Supply bottlenecks are expected to lead to shortages of some goods, including prescription medication, which could boost prices. But fears of a global recession and an oil price war between Russia and Saudi Arabia have sent crude prices tumbling.

In addition, travel restrictions and social distancing are likely to sap demand for services such as travel, hotels, entertainment and eating out at restaurants. The coronavirus’ impact is expected to start showing up in March inflation data.

“A combination of negative supply and demand shocks is problematic and will require both the Fed and fiscal policy to respond,” said Ryan Sweet, a senior economist at Moody’s Analytics in West Chester, Pennsylvania. “We still forecast that the Fed will cut interest rates to zero soon.”

U.S. Treasury Secretary Steven Mnuchin said on Wednesday the Trump administration was considering a range of steps to offset the economic impact of the virus, which causes flu-like symptoms, including tax relief measures.

Stocks on Wall Street tumbled as investors grew skeptical of the stimulus plan. The dollar .DXY fell against a basket of currencies, while U.S. Treasury prices rallied.

FIRM UNDERLYING INFLATION

Excluding the volatile food and energy components, the CPI increased 0.2% in February, matching the gain in January. The so-called core CPI was up by an unrounded 0.2229% last month. Underlying inflation in February was boosted by rising prices for apparel, personal care, health care, used cars and trucks, and education. Airline fares and recreation prices fell.

In the 12 months through February, the core CPI increased 2.4%, after advancing by 2.3% for four consecutive months.

The Fed tracks the core personal consumption expenditures (PCE) price index for its 2% inflation target. The core PCE price index rose 1.6% on a year-on-year basis in January. It undershot its target in 2019. February’s PCE price data will be published later this month.

The central bank last week slashed its benchmark overnight interest rate by half a percentage point to a target range of 1.00% to 1.25%. It was the Fed’s first emergency rate cut since the height of the financial crisis in 2008. Financial markets have fully priced in a rate reduction of as much as 75 basis points at the March 17-18 policy meeting.

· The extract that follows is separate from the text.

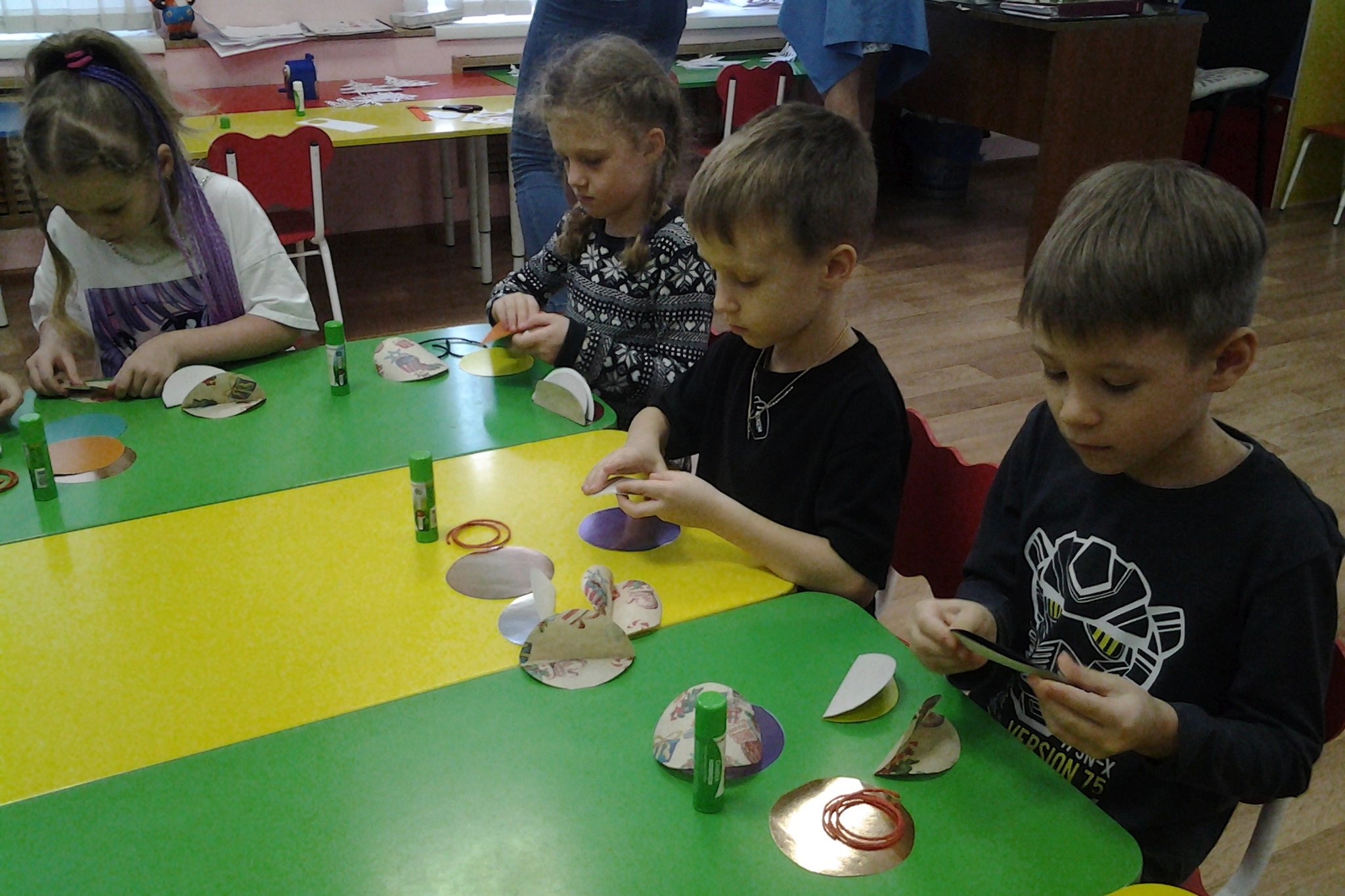 Прежде, чем начать творить, сотрудники библиотеки познакомили ребят с историей новогодних игрушек, рассказали, как появились новогодние игрушки: первые елочные игрушки на Руси демонстрировали изобилие – яблоками, орехами, конфетами, изделиями из теста, горящими свечами украшали новогодние деревья. Далее появились артели, которые делали игрушки стеклянные. Наибольшее распространение ремесло получило в Клинском уезде, где позднее основали фабрику «Елочка», и сейчас выпускающую новогодние игрушки. Большое распространение получили игрушки из папье-маше и ваты, а также картонажные игрушки. Эти тисненые фигурки вырезались и склеивались из двух половинок выпуклого картона, тонированного золотой или серебряной краской. В наши дни, в кругах коллекционеров новогодних украшений, такие сохранившиеся игрушки из папье-маше и картонажа наиболее ценны и дороги.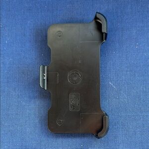 The OtterBox Black Holster is a robust accessory designed to securely hold your phone with its durable belt clip. Its sleek, matte black finish and spring-loaded mechanism ensure easy access and reliable protection for your device.

In February, gasoline prices dropped 3.4% after falling 1.6% in January. Food prices shot up 0.4% after rising 0.2% in January. Prices for food consumed at home jumped 0.5%, the most since May 2014, after climbing 0.2% in January.

There were increases in five of the six major grocery store food group indexes last month, with prices for dairy and other related products surging 1.1%, the most since March 2014.

Owners’ equivalent rent of primary residence, which is what a homeowner would pay to rent or receive from renting a home, increased 0.2% in February after gaining 0.3% in the prior month. Healthcare costs edged up 0.1% last month after rising 0.2% in January. The cost of doctor visits increased 0.2%, but prescription medication prices dropped 0.8%.

There were also increases in the costs of motor vehicle insurance, household furnishings and operations, new motor vehicles, tobacco and alcoholic beverages.

“Should the oil price war intensify and COVID-19 lead to a downturn in the economy in the middle of the year, there is a good chance that inflation will be negative for a period of time this year, and perhaps for all of 2020,” said David Berson, chief economist at Nationwide in Columbus, Ohio.